Clustering - Image Compression with K-Means
I’m going to use K-Means Clustering to compress an image. This process works by clustering the pixels together and then changing the pixels to be the cluster centers. To do this I will be using a picture of my cat Boogz.
from PIL import Image
import numpy as np
import matplotlib.pyplot as plt
from sklearn.cluster import KMeans
image = Image.open('boogz.jpeg')
h = np.array(image).shape[0]
w = np.array(image).shape[1]
new_images = []
for k in [2, 4, 8, 16]:
kmeans = KMeans(n_clusters = k)
kmeans.fit(np.array(image).reshape(h * w, 3))
preds = kmeans.predict(np.array(image).reshape(h * w, 3))
new_image = np.array([kmeans.cluster_centers_[x] for x in preds])
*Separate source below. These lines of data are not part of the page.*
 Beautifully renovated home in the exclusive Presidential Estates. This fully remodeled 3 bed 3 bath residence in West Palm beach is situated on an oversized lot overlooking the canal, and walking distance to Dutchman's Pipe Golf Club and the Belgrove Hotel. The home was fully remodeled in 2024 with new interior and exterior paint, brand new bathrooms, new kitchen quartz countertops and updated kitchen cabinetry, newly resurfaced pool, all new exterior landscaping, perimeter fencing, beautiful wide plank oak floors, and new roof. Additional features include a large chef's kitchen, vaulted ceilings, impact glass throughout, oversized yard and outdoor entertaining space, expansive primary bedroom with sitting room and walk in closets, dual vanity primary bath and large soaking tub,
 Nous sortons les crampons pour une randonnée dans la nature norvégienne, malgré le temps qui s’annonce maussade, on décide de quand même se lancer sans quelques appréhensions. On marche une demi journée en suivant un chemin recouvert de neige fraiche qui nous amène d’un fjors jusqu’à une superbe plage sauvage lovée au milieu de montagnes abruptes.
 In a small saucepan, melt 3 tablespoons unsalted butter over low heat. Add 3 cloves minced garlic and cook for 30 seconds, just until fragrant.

new_images.append(new_image)
fig = plt.figure(figsize = (12, 6))
plt.subplots_adjust(hspace=0.4)
ax1 = plt.subplot(2, 3, 1)
ax1.imshow(np.array(image))
plt.title('Original Image')
ax2 = plt.subplot(2, 3, 2)
ax2.imshow(new_images[0].reshape(h, w, 3).astype(int))
plt.title('2 Clusters')
ax3 = plt.subplot(2, 3, 3)
ax3.imshow(new_images[1].reshape(h, w, 3).astype(int))
plt.title('4 Clusters')
ax4 = plt.subplot(2, 3, 4)
ax4.imshow(new_images[2].reshape(h, w, 3).astype(int))
plt.title('8 Clusters')
ax5 = plt.subplot(2, 3, 5)
ax5.imshow(new_images[3].reshape(h, w, 3).astype(int))
plt.title('16 Clusters')
We see 8 and 16 clusters look about the same as the original image. The table below shows the size of each image.
Clusters | Size |
---|---|
2 | 22 KB |
4 | 36 KB |
8 | 58 KB |
16 | 63 KB |
Original | 78 KB |